Article 46 of the Interpretation of the Supreme People's Court on the Application of Law in the Trial of Labor Dispute Cases (I) (referred to as "Judicial Interpretation I") provides that: If an employer meets one of the following circumstances, it shall be identified as "the worker is arranged to work in the new employer from the original employer for no reason other than his own" : (1) The worker is still working in the original workplace or post, and the subject of the labor contract is changed from the original employer to the new employer; (2) The employing unit transfers workers to work in the form of organizational assignment or appointment; (3) The employee's job transfer is caused by the merger or division of the employing unit; (4) The employing unit and its affiliated enterprises conclude labor contracts with the workers in turn; (5) Other reasonable circumstances.

From the above-mentioned cases and the provisions of Judicial Interpretation I, basically give us the mainstream judgment, the working years of continuous work for more than ten years do not include the combined working years, the scope of application of the two is completely different, which is consistent with the provisions of article 22 of the "309 document", emphasizing the uniqueness of the employer. Although the conversion of labor dispatch to direct employment and the rotation of labor by affiliated enterprises may result in the combined calculation of working years, such combined calculation of working years is only applicable to the calculation of economic compensation or compensation, not the merger of labor relations, and is not applicable to the calculation of working years that meet the conditions for signing an indefinite term labor contract. The author has also communicated with the arbitrator, there is no direct corresponding laws and regulations at present, there is a view that unless the new employer and the employee sign an agreement to actively recognize the continuous calculation of service years, generally in the calculation of whether continuous work for 10 years meets the conditions of signing without a fixed period, will not identify the labor dispatch company, two or more affiliated companies belong to the same employer. Or combined years of service.
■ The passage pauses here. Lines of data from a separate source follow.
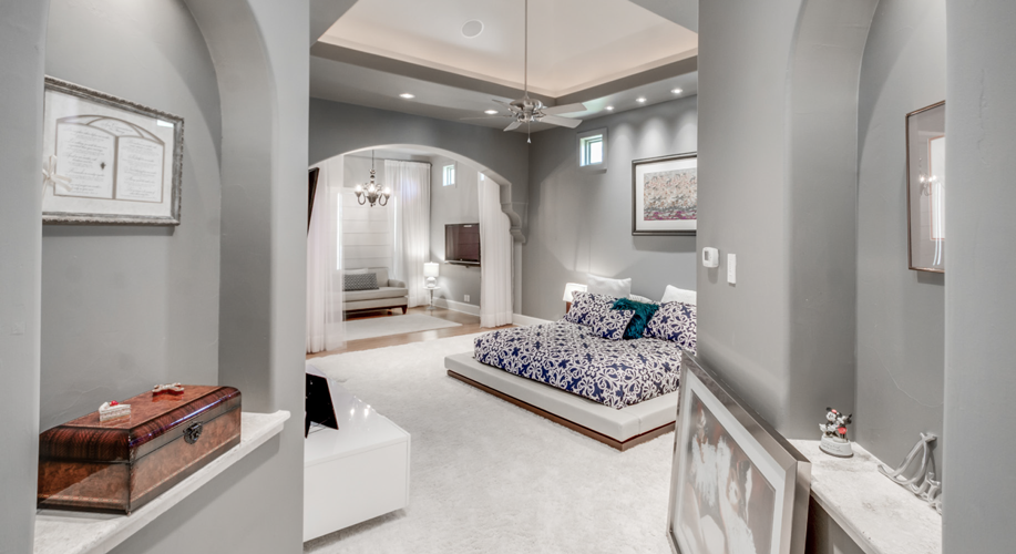 One of the finest masterpieces Hollaway Custom Homes Co has built, this stunning estate is nestled inside the gates of the prestigious Bentley Manor community. Combining the glory of the past with high-end finishes, this grandiose master bedroom offers complete luxury with its spacious sitting room, detailed ceiling, oversized dressing room and elegant ensuite bath.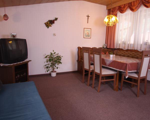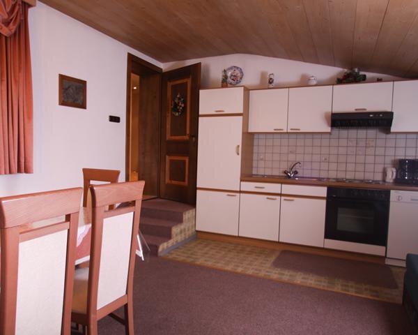 Die 3-Zimmer-Wohnung (80 m²) für 6 Personen liegt im 1. Stock: 2 Schlafzimmern (1 DZ, 1 DZ mit Einzelbett), Wohn/Schlafraum mit Bettcouch, Eßecke für 8 Personen, Küchenzeile (4 Platten, Backofen, Geschirrspüler, Kaffeemaschine, Wasserkocher, Toaster). Bad mit Dusche, separates WC. Südbalkon. Die Wohnung ist komplett ausgestattet (Handtücher, Bettwäsche, Küchenausstattung) und verfügt über Sat-TV und Internetzugang (W-LAN, exklusive). Die Schlafzimmer wurden 2011 komplett renoviert.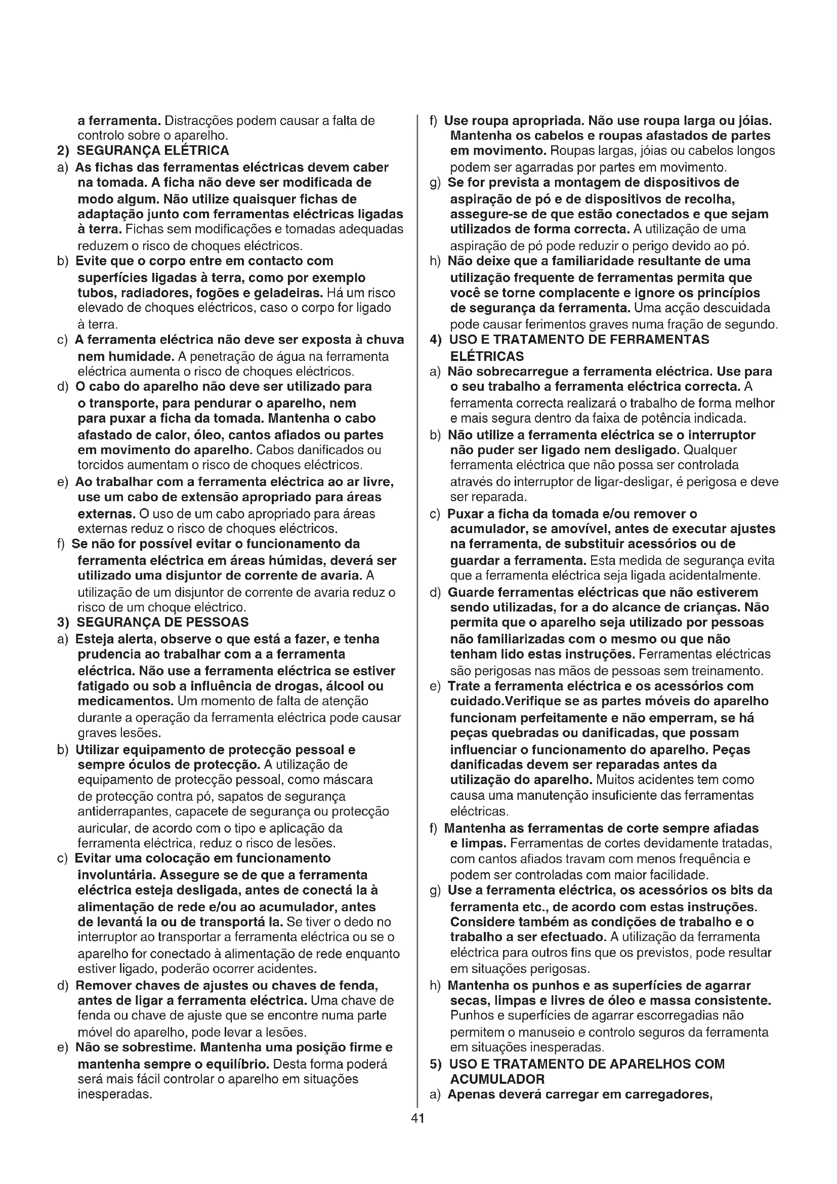 ACUMULADOR a) Apenas deverá carregar em carregadores, a ferramenta. Distracções podem causar a falta de controlo sobre o aparelho.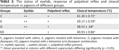 There were significant differences in eyelid status between group KD and groups C, D and K (p < 0.05). The eyelids of pigeons treated with the ketamine and diazepam combination were completely closed. With ketamine alone, the pigeons' eyes were completely open during anaesthesia (Table 2). There were no significant differences in the palpebral reflexes in the different groups and these were present in all the groups (Table 2). The cloacal temperature was 41.30 °C ± 0.72 °C before medication. When measured 10 min after drug administration in groups K and D, the cloacal temperature was recorded to have decreased significantly (p< 0.05). However, in pigeons from group KD, the cloacal temperature remained within the initial range, measuring at 40.93 °C ± 0.86 °C (Table 2).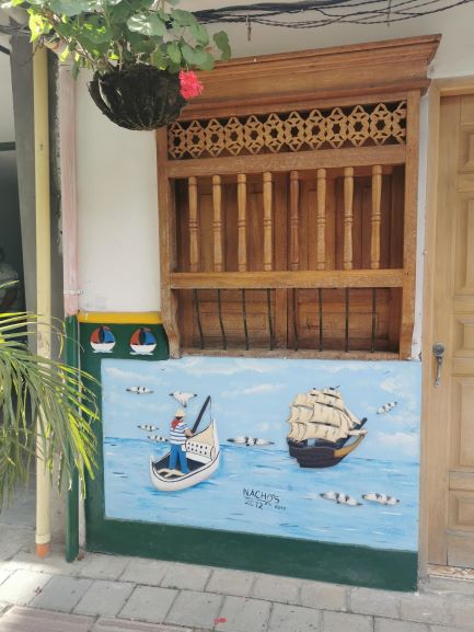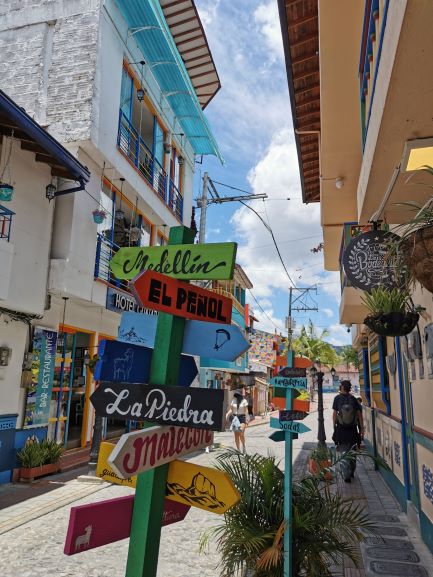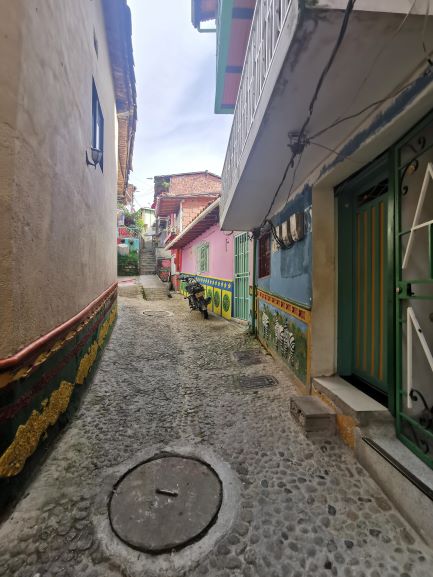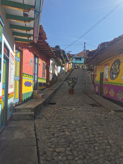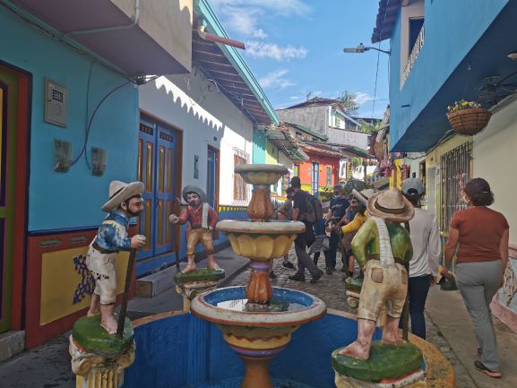 Nous visitons ensuite le village avec Valérie et Jérôme qui se sont installés il y a 4 ans à Guatape. Ils nous expliquent l’histoire des zocalos : ce sont des décorations que l’on trouve en bas du mur de chacune des maisons du village. Initialement, un homme avait peint des moutons dans sa maison et ses voisins lui avaient demandé de reproduire ce dessin sur leurs murs. Puis avec le temps, de plus en plus de maisons présentaient des plinthes principalement de formes géométriques. Jusqu’au jour où en 2008, le maire de Guatape déclara obligatoire que chaque maison ait des zocalos, sur le thème de leur choix. Ce village a donc désormais une véritable signature.

3. Practical suggestions on the implementation of non-fixed term labor contracts signed by employers

To sum up, the combined length of service is generally not included in the requirement to sign a non-fixed term labor contract "10 years of continuous work", but because there is no uniform laws and regulations or guiding cases and opinions of the High Court, different adjudication organs may have different judgment opinions, we suggest that employers should still remain cautious, you can consider doing two things: First, in order to settle disputes and reduce the legal risk of illegal termination, it can be considered to sign an open-ended labor contract with the employee, of course, on the premise that the employee has sustainable employment value; Second, when a worker changes from a labor dispatch company to a direct employer or an affiliated enterprise signs a contract in turn to change the main body of the employer, as far as possible, it is clearly stipulated in the change agreement or tripartite agreement that the combined length of service carried over by the new employer is only applicable to the calculation of economic compensation or compensation in the future, and does not apply to the calculation of the working years under the conditions of an indefinite labor contract.

Note: Due to the strong regional nature of the basis and caliber of labor dispute judgment, this article is only applicable to Shanghai region, and has no direct application significance in other regions.